A Child’s Odyssey… and Adult’s
From the very beginning, Ronald D. Moore’s BSG set off on a parallel path of the 70s show, and if you look at the two shows, I see one as the children’s version of BSG and the other the accurate one, comparing children’s nativity plays to the sick fucking Passion-of-the-Christ blood and gore. Even down to the Angelic version of characters in this intergalatic odyssey, there’s a kid’s version and the “warts and all” truth version.
BSG was ripe for it’s time: in moment of panic, America was about to declare war on the world to ensure tyrants never force others to obey them. There’s a kernel of painful truth in that last sentence. BSG similarly blockaded the characters into a metal box against a deadly environment. The metaphor wasn’t just spot-on, but obvious.
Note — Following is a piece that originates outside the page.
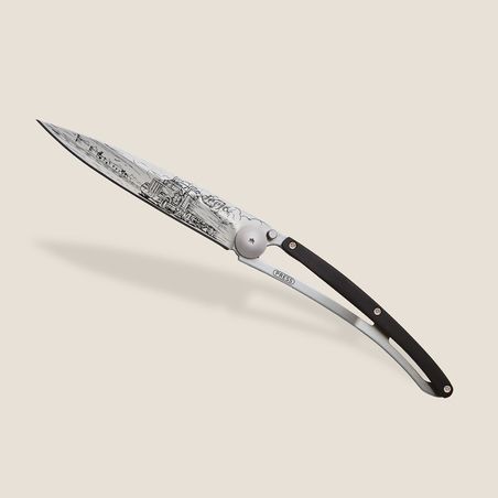 Navaja ultraligera de acero inoxidable Z40C13, acabado mate. Hoja con seguro tipo “liner lock” con fino grabado láser. Clip para cinturón. Mango de ébano.

So, what does this mean to television?
I don’t know. I do believe that episodic TV that has no goal is mind is reaching an end. Personally, while I can’t stand 5 minute episodes like The Guild or Red vs. Blue - funny as they are, the story is never deep enough for me. And excellently written TV is now more rare, especially with the CSI/Numbers/Bones feces-infested shows that insult everyone who participates in them these days. Real science is hard. Real life is hard. Why don’t we EVER see the villain get away and the cold case grow cold, die, and be an bitter pill.
BSG gaves us plenty of bitter pills, from romances that should’ve and shouldn’t to betrayals to the worst suicide ever depicted on tv (Dualla’s). Depressing and horrific. But it made for a compelling story. End to end, BSG left it’s mark on television.
The Cautionary
The cautionary tale of BSG truly is what is the next phase of life. Where do we go from here? My opinion is we go forward. We build the robots. We make the AI. We do it early. We do it often. We do it prolifically. And we make a strong effort to not obliterate ourselves in the process. We do these things like the way we climb mountains: because we can, because it’s there. Moore’s cautionary also comes with the nature of man, questioning the religious effort of people. Having heard him speak a couple times, he’s as brazen as most people get about this.
But still we have billions of people working to perpetrate the myth machines. However, Moore has as well. Making Kara Thrace an angel - or a construct that fulfilled it’s mission and self-deleted, and implying that Caprica 6 and Baltar could see constructs/angels, means there’s a design in the chaos. It’s very ham-handed, deus ex machina, and my rational-minded viewpoint, disappointing. I believe he backed down from the wall of “your religions are lies” - spoon feeding myth-lovers a last minute backdoor so that “everything” end ok because a deity is looking out for these characters.